Episode: Meanwhile | Tom Brady's Dog Clone
Date: November 9, 2025
Host: Stephen Colbert
This episode of "The Late Show Pod Show" features Stephen Colbert’s signature “Meanwhile” segment—a rapid-fire, tongue-in-cheek rundown of quirky news items from around the world. The episode revels in absurdity and wit, covering topics ranging from celebrity dog clones and peculiar research breakthroughs to pop culture oddities. Colbert’s light-hearted, satirical style shines as he riffs through headlines, poking fun at celebrities, scientific innovations, and viral moments with a sharp comedic edge.
“Sometimes… after beaching a stolen jet ski on a garbage scowl while snorting crushed up Sudafed, I string some half-eaten Jolly Ranchers onto a dirty boot lace and parade around wearing nothing but the glittering stank bangle of news that is my segment. Meanwhile, it’s poetry. Meanwhile, it’s really more—it’s more like poetry than comedy.” — Stephen Colbert [01:16]

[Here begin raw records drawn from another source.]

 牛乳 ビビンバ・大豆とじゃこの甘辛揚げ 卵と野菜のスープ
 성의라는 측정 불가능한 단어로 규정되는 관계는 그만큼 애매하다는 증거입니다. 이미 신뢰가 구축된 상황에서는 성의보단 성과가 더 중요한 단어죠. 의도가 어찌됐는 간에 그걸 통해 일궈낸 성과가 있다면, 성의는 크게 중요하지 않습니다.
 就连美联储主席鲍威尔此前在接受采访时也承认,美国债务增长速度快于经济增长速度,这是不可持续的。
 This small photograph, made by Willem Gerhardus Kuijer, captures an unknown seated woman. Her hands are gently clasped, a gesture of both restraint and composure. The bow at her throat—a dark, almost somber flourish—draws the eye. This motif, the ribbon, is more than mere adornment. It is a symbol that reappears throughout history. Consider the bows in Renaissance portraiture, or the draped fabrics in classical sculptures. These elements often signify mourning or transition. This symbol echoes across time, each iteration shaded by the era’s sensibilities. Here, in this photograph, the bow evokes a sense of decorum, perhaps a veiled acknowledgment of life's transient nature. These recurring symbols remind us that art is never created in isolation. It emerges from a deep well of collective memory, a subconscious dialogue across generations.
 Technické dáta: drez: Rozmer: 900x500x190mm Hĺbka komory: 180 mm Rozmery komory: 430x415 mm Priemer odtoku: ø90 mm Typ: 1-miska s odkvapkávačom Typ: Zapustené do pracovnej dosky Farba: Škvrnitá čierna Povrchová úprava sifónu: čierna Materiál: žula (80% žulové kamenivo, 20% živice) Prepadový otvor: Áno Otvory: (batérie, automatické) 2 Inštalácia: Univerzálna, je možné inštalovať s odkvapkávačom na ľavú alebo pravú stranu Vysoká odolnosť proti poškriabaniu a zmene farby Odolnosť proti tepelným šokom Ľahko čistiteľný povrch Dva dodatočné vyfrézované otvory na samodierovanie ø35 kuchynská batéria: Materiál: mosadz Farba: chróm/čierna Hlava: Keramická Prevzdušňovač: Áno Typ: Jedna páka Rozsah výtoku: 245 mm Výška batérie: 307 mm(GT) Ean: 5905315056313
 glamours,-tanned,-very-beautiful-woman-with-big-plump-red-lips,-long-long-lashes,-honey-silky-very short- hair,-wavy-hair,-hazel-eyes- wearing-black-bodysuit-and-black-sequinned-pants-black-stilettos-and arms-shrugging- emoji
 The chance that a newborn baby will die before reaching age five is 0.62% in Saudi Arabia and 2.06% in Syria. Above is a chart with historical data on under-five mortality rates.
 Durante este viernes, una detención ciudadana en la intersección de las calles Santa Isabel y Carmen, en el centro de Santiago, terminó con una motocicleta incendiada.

“As a dog lover, I get it. And as a Tom Brady lover, I hope people are just as understanding about me cloning Tom Brady. They do my yard work. They do a great job.” — Stephen Colbert [01:49]

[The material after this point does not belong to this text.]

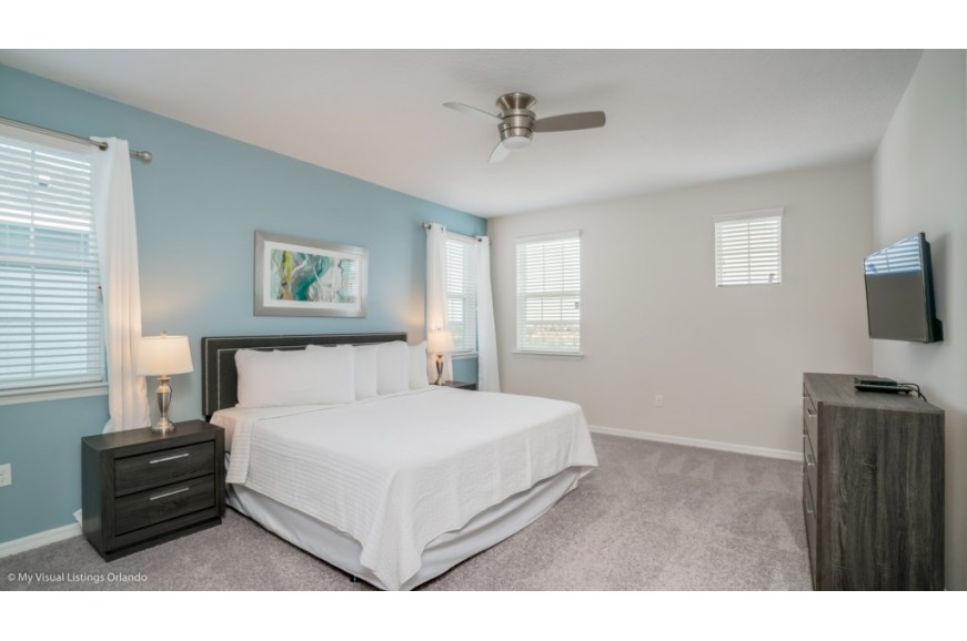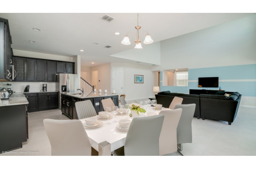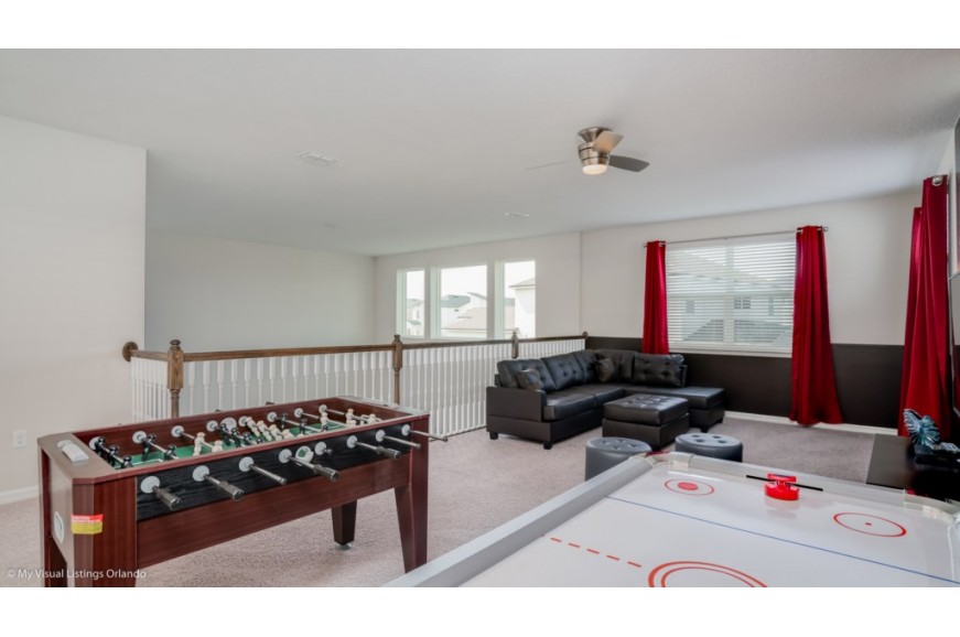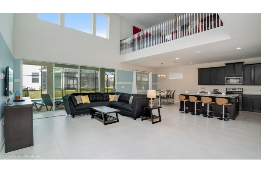 Solara Resort - Kissimmee, Florida is an upscale community currently under development just 7 miles from Walt Disney World. This gated resort community sits nestled just outside of Orlando, Florida. During your stay, you will enjoy this well-appointed home that has been designed and decorated to provide you and your family with an abundance of luxury amenities and leaves you well-equipped to vacation with all the usual items you would expect to find at home. The resort is only a 30-minute drive from the Orlando International Airport and is situated central to all of Orlando’s famous attractions. The resort boasts an expansive clubhouse that includes a grand pool, complete with a surfing simulator, cabanas, a pool bar, a children's playground, a sand volleyball court, a basketball court, and a soccer field. Inside the clubhouse sits the lounge, bar & grill, fitness center, business center, and sundries store. This spacious 6-bedroom holiday villa can comfortably accommodate a larger family or group of up to 12 people.
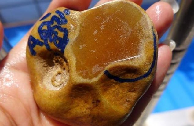 还有一些水石翡翠毛料。比如大马坎,它的皮壳特别的光滑,摸着滑不溜秋的,很多朋友把外部那层当做是皮壳了,其实那是一层雾,它们的皮壳在经过水流和泥沙的冲洗已经没有了,经过磨蚀后造成的结果只留下一层雾,所以说不是水石翡翠毛料没有皮壳或者没有雾,只是雾和皮已经同化了。

Colbert jokes he used a budget alternative—“Crazy Carl’s Clone Zone”—leading to all his Tom Bradys suffering from canine hip dysplasia.
“You know what, Rick? You really spearheaded this whole thing. You should have the honor—au contraire, it’s your baby. Get in the water. But first, here, put on my lucky ham. It’s a Tim Conway joke.” — Stephen Colbert [02:49]
“Holiday kinks. Reminds me of that classic Christmas song, 'I saw Mommy ball gag Santa Claus.' I’m sorry. I’m so sorry. I’m so sorry to get that image in your mind.” — Stephen Colbert [03:20]
“You know what they say, dress for the job you want. Meanwhile, there he is.” — Stephen Colbert [03:36]
“You don’t exactly establish a ton of credibility… when you call Neil Armstrong ‘the other one.’” — Stephen Colbert [04:03]
“One small step for man, one giant leap for… me. Neil, first man on the moon, Armstrong.” — Stephen Colbert [04:12]
“Hey, it’s a fine major.” — Stephen Colbert [06:10]
“Man, Bluey’s origin story just took a dark turn. Look how worried he looks.” — Stephen Colbert [06:18]
| Timestamp | Topic | |:-------------:|:------------------------------------------------------------| | 01:08-01:32 | Segment intro: “Meanwhile” poetic analogy | | 01:35 | 1,900-pound pumpkin dropped onto Geo Metro | | 01:45 | Tom Brady’s cloned dog, and Tom Brady clones gag | | 02:30 | Anti-shark bite wetsuits and product test joke | | 03:00 | Goop’s naughty advent calendar | | 03:30 | Florida man's Halloween DUI in inmate costume | | 03:38 | David Beckham’s knighthood | | 03:44 | Kardashian vs. Paulson: moon landing debate | | 04:20 | AI weed-spotting displaces English majors | | 06:08 | Colbert jokes about English majors; “married to one” | | 06:14 | Blue dogs in Chernobyl Exclusion Zone | | 06:25 | “Goonies” LEGO set vs. “My Dinner with Andre” |
As always, Stephen Colbert’s tone is playful, irreverent, and laced with clever pop-culture references. The “Meanwhile” segment in this episode leans into absurdity and satirical takes on the news, delivering both laughs and a light social commentary.